YOUR GOAL
Leave the pictures aside and copy all the data exactly.

(DATASET EXCERPT)

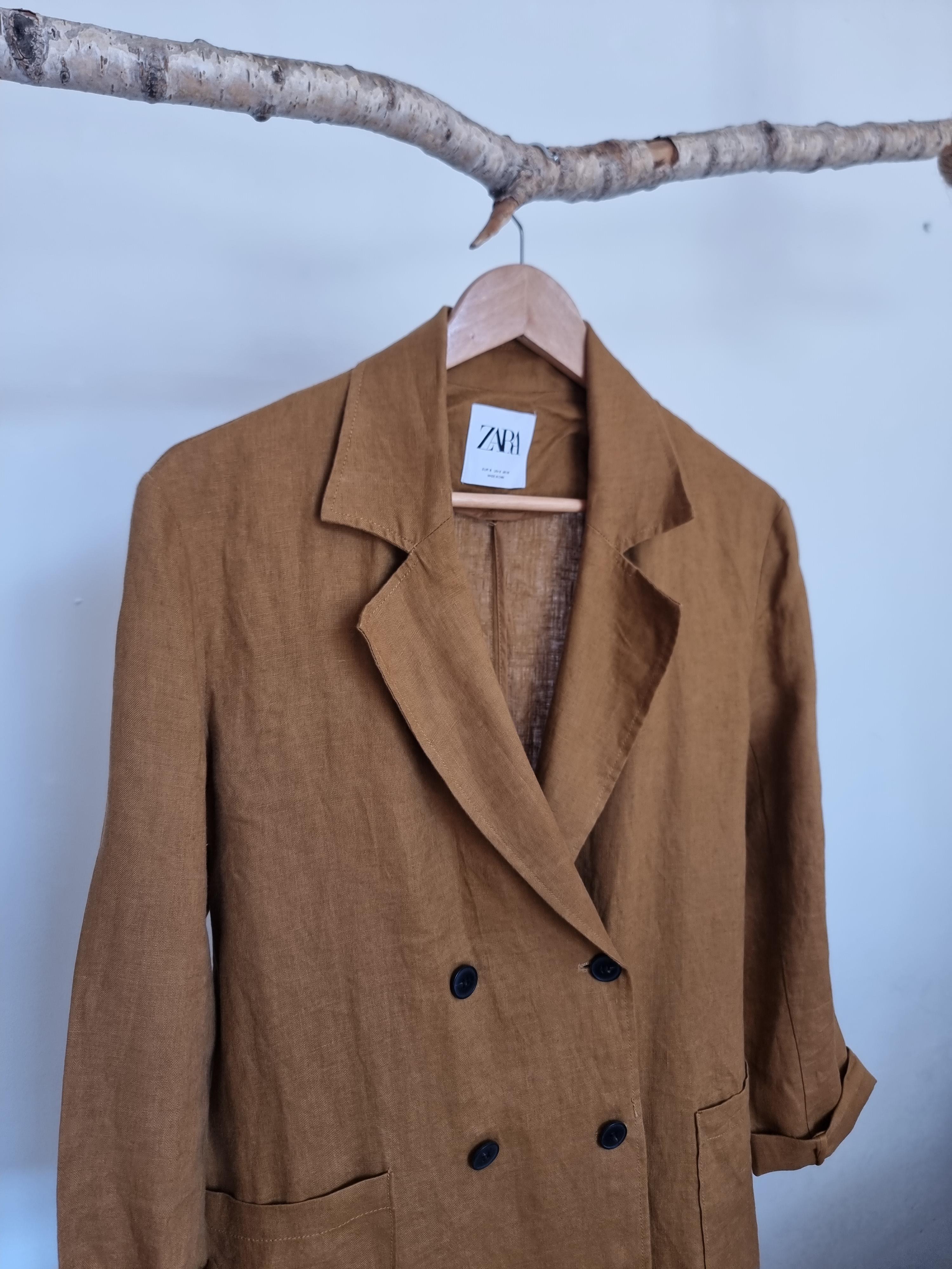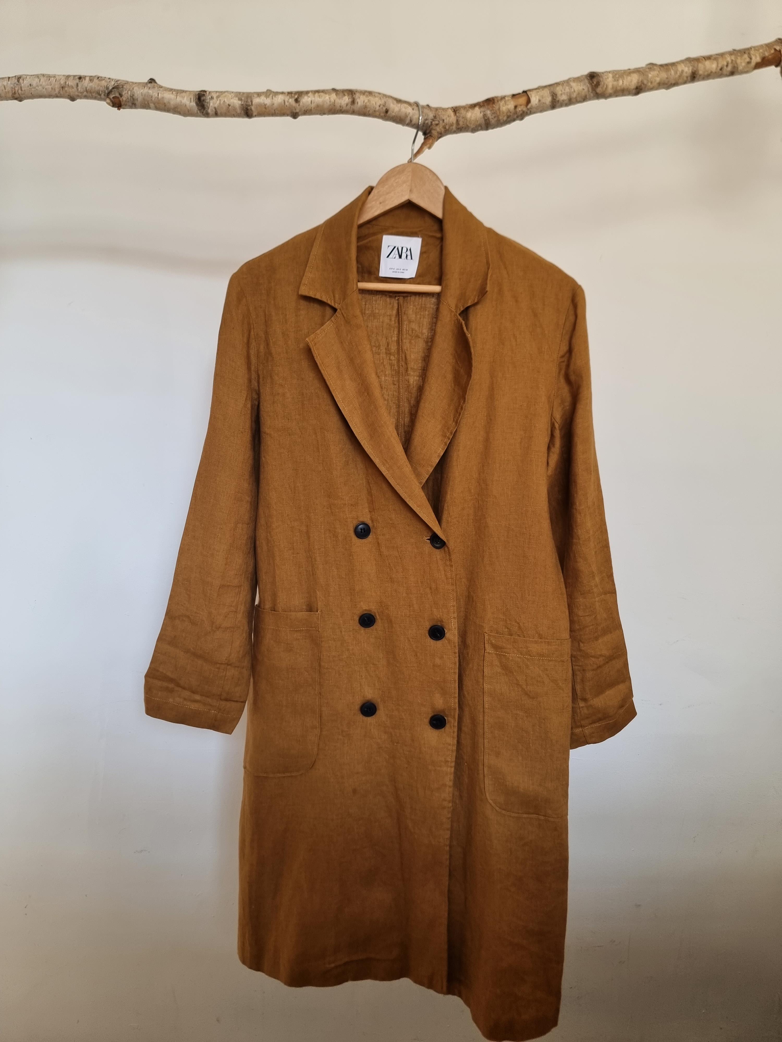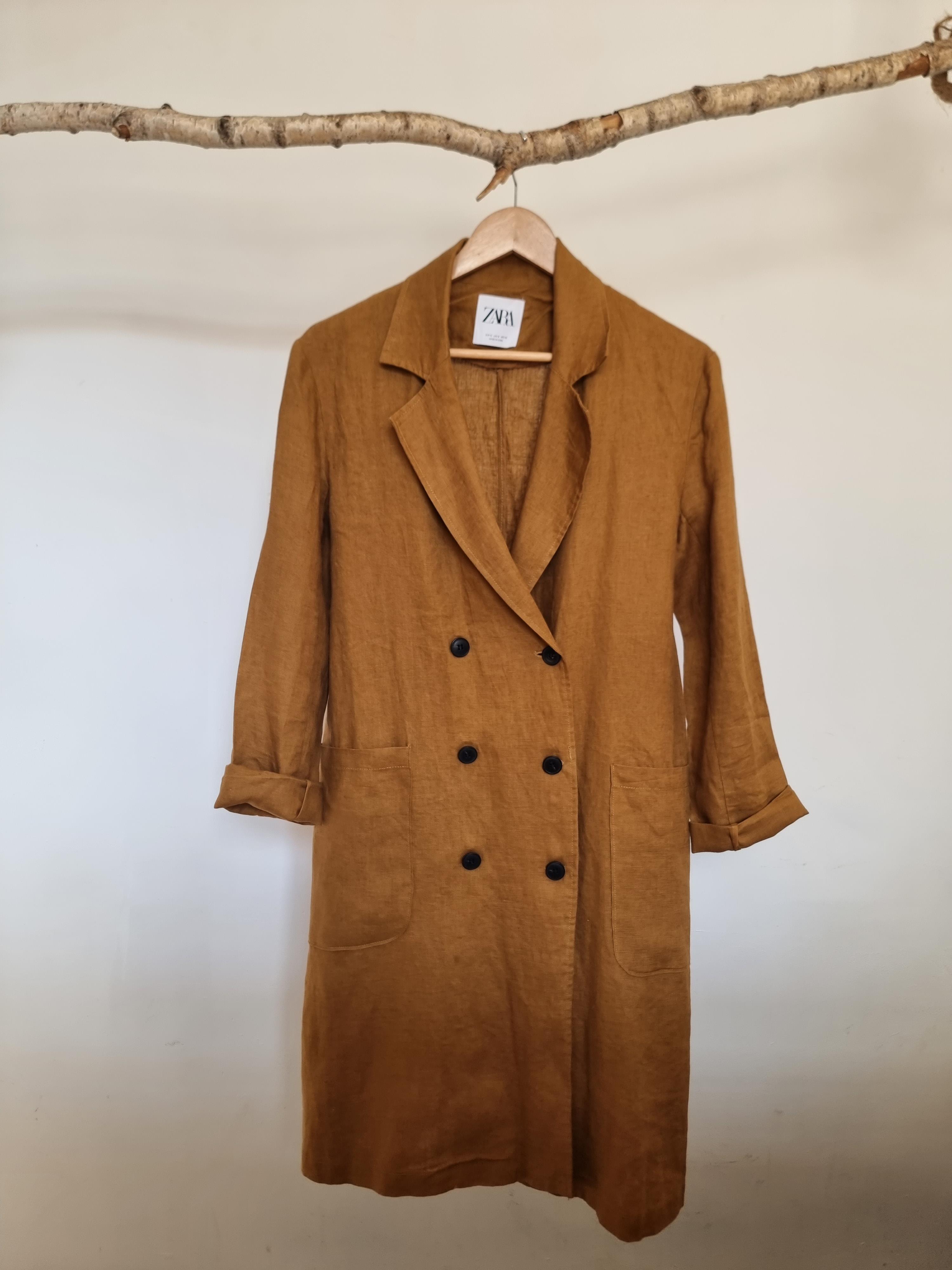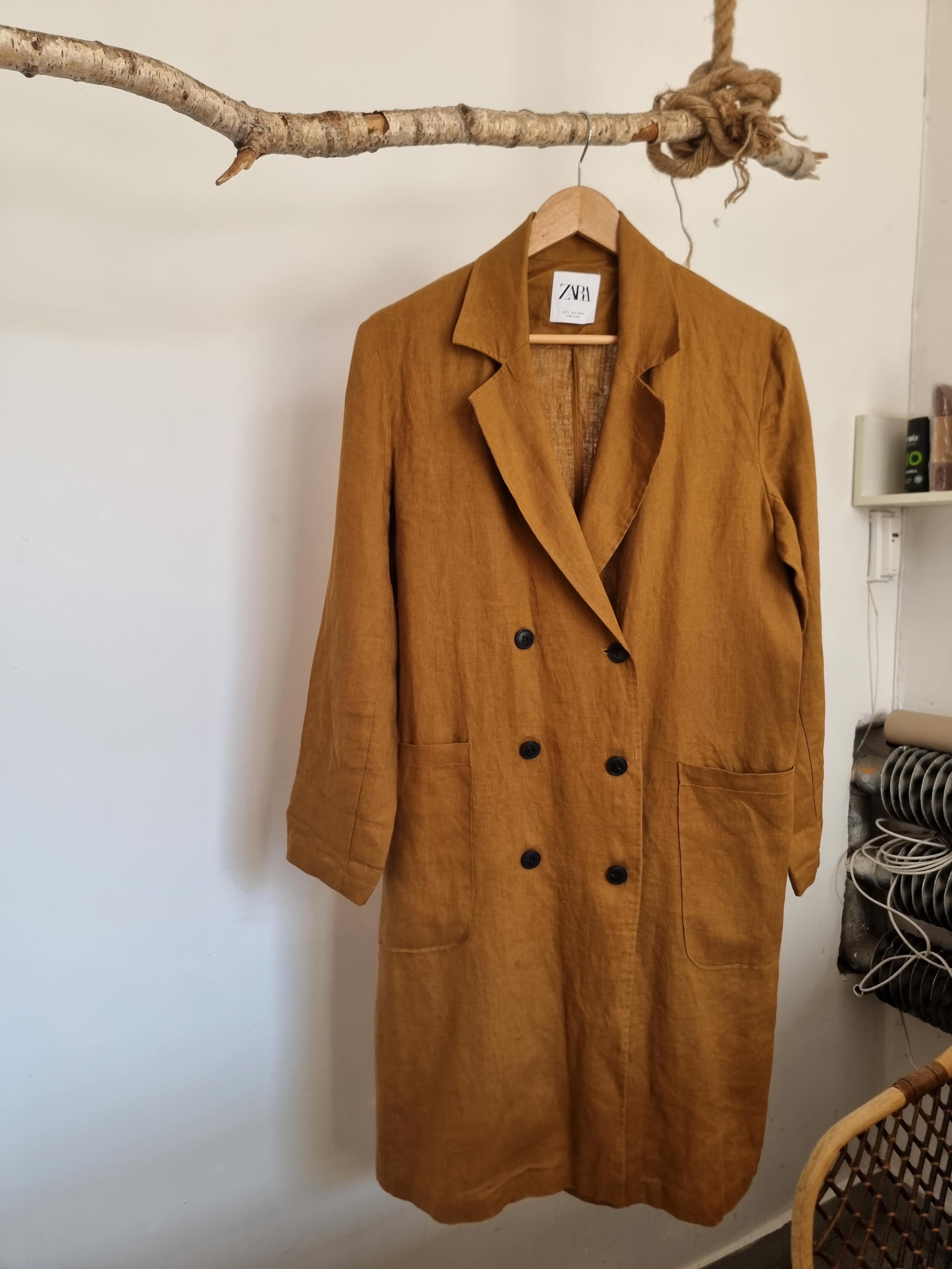 ZARA płaszcz lniany miodowy len S 36
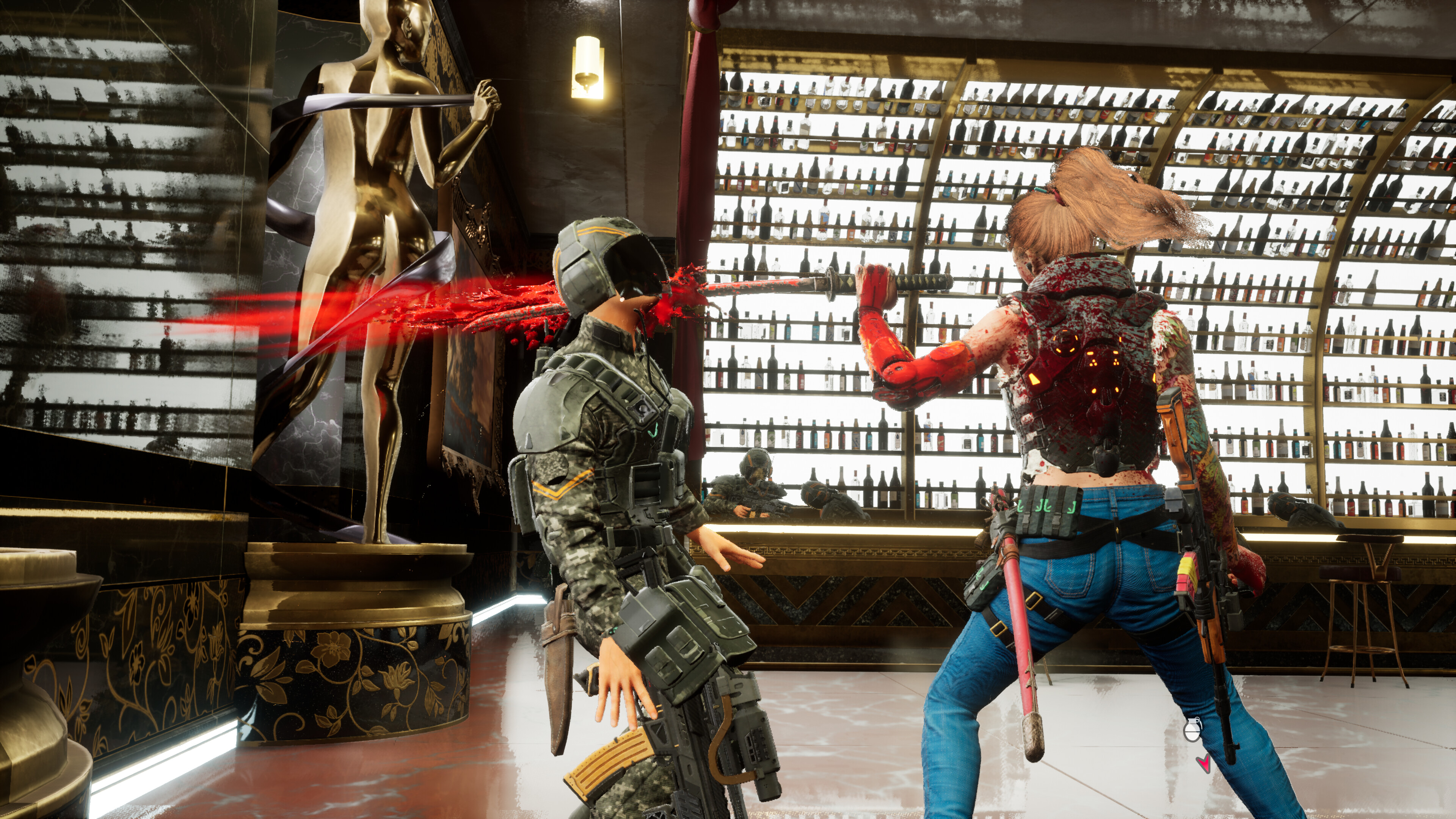 Очень обидно видеть, что про эту игру очень мало хорошего слышно в интернете, разве что недавно Вася с Ленёй обсудили её в разборе полётов и хоть что-то про неё хорошее сказали, да и в целом для многих открыли эту игру(хотя врят ли). Довольно мало слэшеров сейчас выходит. Кроме DMC, Bayonetta и astral chain мало что приходит в голову из известных и одобряемых людьми игр, поэтому даже выход такой ни на что не претендующей игры категории "Б" как wanted:dead был для меня поводом её ждать, ведь по трейлерам было видно что здесь будет расчленёнка, много экшена, комбо с катаной и огнестрел, что выглядело интрегующим. Самый главный плюс игры, ради чего и стоит в неё играть - это боёвка, она здесь очень сочная в плане рачленёнки, многих вариаций крутых добиваний и ощущения того что играешь за Джона Уика. В начале играть не так весело, пока не открыты навыки 3 веток прокачки, где и комбо расширяются и новые приёмы дают и гранаты получаешь и парирования круче и легче и становятся и вот тогда игра себя раскрывает. Уже где-то на 3 уровне в клубе, когда уже более менее раскачался можно устраивать такие Джон Уик референсы, что прям ощущаешь себя жесть каким крутым убийцей. В игре если поймать состояние потока можно просто хоть пол дня проиграть, а потом прийти в себя с осознанием того что ты прошел игру, ведь она небольшая 8-10 часов максимум. Хоть самих комбо здесь не особо много штук 5 с прокачкой, но сам мувсет обширен: есть блок и парирования, которые очень эффективны особенно на боссах, катана для ближнего боя, которой можно и руки и ноги отрубить, проводить очень разнообразные добивания, которые до конца игры вообщее не надоедают, гранаты осколочные и зажигательные, пистолет с которым также можно делать комбо в паре с катаной и самое главное им также можно парировать когда атака врага светится красным цветом, что тоже доставляет, похоже немного на бладборн и обычное огнестрельное оружие как калаш, который с тобой всегда и его можно по разному модифицировать на свой вкус и еще одно подбираемое оружие с врагов. Также на уровнях иногда разбросаны бензопилы, которые ваншотят любого врага, что приятно. Если освоить весь этот мувсет, то реально состояние потока обеспечено это выглядит и играется супер кайфово. Лично для меня один из лучших симуляторов Джона Уика в играх. Также помимо боёвки есть мини игры по типу поедания рамена, караоке и выбивания фигурок, воспоминаний и музыки из игровых автоматов, что даёт немного передохнуть от нескончаемого экшена в 5 уровнях игры. В игре классные и харизматичные персонажи, хоть они по сути особо и не раскрыты как личности, кроме главной героини, про неё хотя бы показывают аниме вставки про её тяжелое прошлое. Сам мир вроде бы интересный и бывали моменты когда тебя пытались в него погрузить, но все равно есть ощущения недосказанности и непонимания как этот мир работает, но сам сеттинг такого гонконского киберпанка очень прикольный и подходит этой игре. Многие говорят что игра вот с эпохи ps2, ps3 и это как бы плохо и устаревше, но лично мне это очень по душе, когда идешь от одной арены к другой и кайфуешь от боевки, смотришь прикольно поставленные кат сцены, наблюдаешь за харизматичными персонажами и развлекаешь себя в мини играх, не знаю в этом что-то есть вроде всё так просто, а всё равно увлекает. Очень жаль что игра провалилась и продолжения 
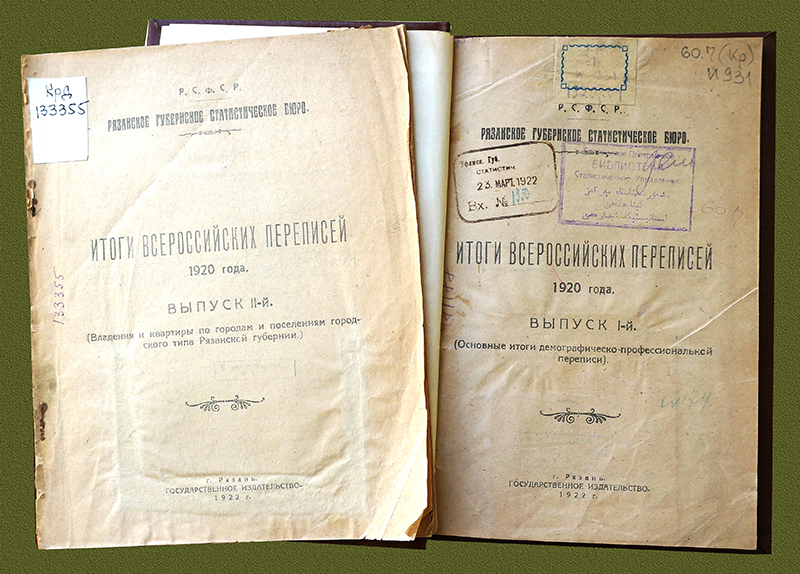 Доминирующее положение в книжном репертуаре занимали издания общественно-политической тематики. 28 августа 1920 г. стартовала первая в молодой республике Всероссийская перепись населения, которой было охвачено 72% жителей страны – в ряде районов еще велись военные действия, и кроме того, оставались местности, не подконтрольные центральной власти. Параллельно проводилась сельскохозяйственная перепись и учет промышленных предприятий. По итогам переписи населения Рязанское губернское статистическое бюро подготовило два справочных издания, которые вышли в Рязани в 1922 г. В первом выпуске были опубликованы основные итоги демографическо-профессиональной переписи, содержащие сведения о численности населения губернии с подразделением его по языковой принадлежности, возрастным группам, грамотности и национальности. Второй выпуск с подзаголовком «Владения и квартиры по городам и поселениям городского типа Рязанской губернии» стал результатом обработки материалов в части, относящейся к коммунальному хозяйству.

(End DATASET EXCERPT)

EXPECTED ANSWER
 ZARA płaszcz lniany miodowy len S 36
 Очень обидно видеть, что про эту игру очень мало хорошего слышно в интернете, разве что недавно Вася с Ленёй обсудили её в разборе полётов и хоть что-то про неё хорошее сказали, да и в целом для многих открыли эту игру(хотя врят ли). Довольно мало слэшеров сейчас выходит. Кроме DMC, Bayonetta и astral chain мало что приходит в голову из известных и одобряемых людьми игр, поэтому даже выход такой ни на что не претендующей игры категории "Б" как wanted:dead был для меня поводом её ждать, ведь по трейлерам было видно что здесь будет расчленёнка, много экшена, комбо с катаной и огнестрел, что выглядело интрегующим. Самый главный плюс игры, ради чего и стоит в неё играть - это боёвка, она здесь очень сочная в плане рачленёнки, многих вариаций крутых добиваний и ощущения того что играешь за Джона Уика. В начале играть не так весело, пока не открыты навыки 3 веток прокачки, где и комбо расширяются и новые приёмы дают и гранаты получаешь и парирования круче и легче и становятся и вот тогда игра себя раскрывает. Уже где-то на 3 уровне в клубе, когда уже более менее раскачался можно устраивать такие Джон Уик референсы, что прям ощущаешь себя жесть каким крутым убийцей. В игре если поймать состояние потока можно просто хоть пол дня проиграть, а потом прийти в себя с осознанием того что ты прошел игру, ведь она небольшая 8-10 часов максимум. Хоть самих комбо здесь не особо много штук 5 с прокачкой, но сам мувсет обширен: есть блок и парирования, которые очень эффективны особенно на боссах, катана для ближнего боя, которой можно и руки и ноги отрубить, проводить очень разнообразные добивания, которые до конца игры вообщее не надоедают, гранаты осколочные и зажигательные, пистолет с которым также можно делать комбо в паре с катаной и самое главное им также можно парировать когда атака врага светится красным цветом, что тоже доставляет, похоже немного на бладборн и обычное огнестрельное оружие как калаш, который с тобой всегда и его можно по разному модифицировать на свой вкус и еще одно подбираемое оружие с врагов. Также на уровнях иногда разбросаны бензопилы, которые ваншотят любого врага, что приятно. Если освоить весь этот мувсет, то реально состояние потока обеспечено это выглядит и играется супер кайфово. Лично для меня один из лучших симуляторов Джона Уика в играх. Также помимо боёвки есть мини игры по типу поедания рамена, караоке и выбивания фигурок, воспоминаний и музыки из игровых автоматов, что даёт немного передохнуть от нескончаемого экшена в 5 уровнях игры. В игре классные и харизматичные персонажи, хоть они по сути особо и не раскрыты как личности, кроме главной героини, про неё хотя бы показывают аниме вставки про её тяжелое прошлое. Сам мир вроде бы интересный и бывали моменты когда тебя пытались в него погрузить, но все равно есть ощущения недосказанности и непонимания как этот мир работает, но сам сеттинг такого гонконского киберпанка очень прикольный и подходит этой игре. Многие говорят что игра вот с эпохи ps2, ps3 и это как бы плохо и устаревше, но лично мне это очень по душе, когда идешь от одной арены к другой и кайфуешь от боевки, смотришь прикольно поставленные кат сцены, наблюдаешь за харизматичными персонажами и развлекаешь себя в мини играх, не знаю в этом что-то есть вроде всё так просто, а всё равно увлекает. Очень жаль что игра провалилась и продолжения 
 Доминирующее положение в книжном репертуаре занимали издания общественно-политической тематики. 28 августа 1920 г. стартовала первая в молодой республике Всероссийская перепись населения, которой было охвачено 72% жителей страны – в ряде районов еще велись военные действия, и кроме того, оставались местности, не подконтрольные центральной власти. Параллельно проводилась сельскохозяйственная перепись и учет промышленных предприятий. По итогам переписи населения Рязанское губернское статистическое бюро подготовило два справочных издания, которые вышли в Рязани в 1922 г. В первом выпуске были опубликованы основные итоги демографическо-профессиональной переписи, содержащие сведения о численности населения губернии с подразделением его по языковой принадлежности, возрастным группам, грамотности и национальности. Второй выпуск с подзаголовком «Владения и квартиры по городам и поселениям городского типа Рязанской губернии» стал результатом обработки материалов в части, относящейся к коммунальному хозяйству.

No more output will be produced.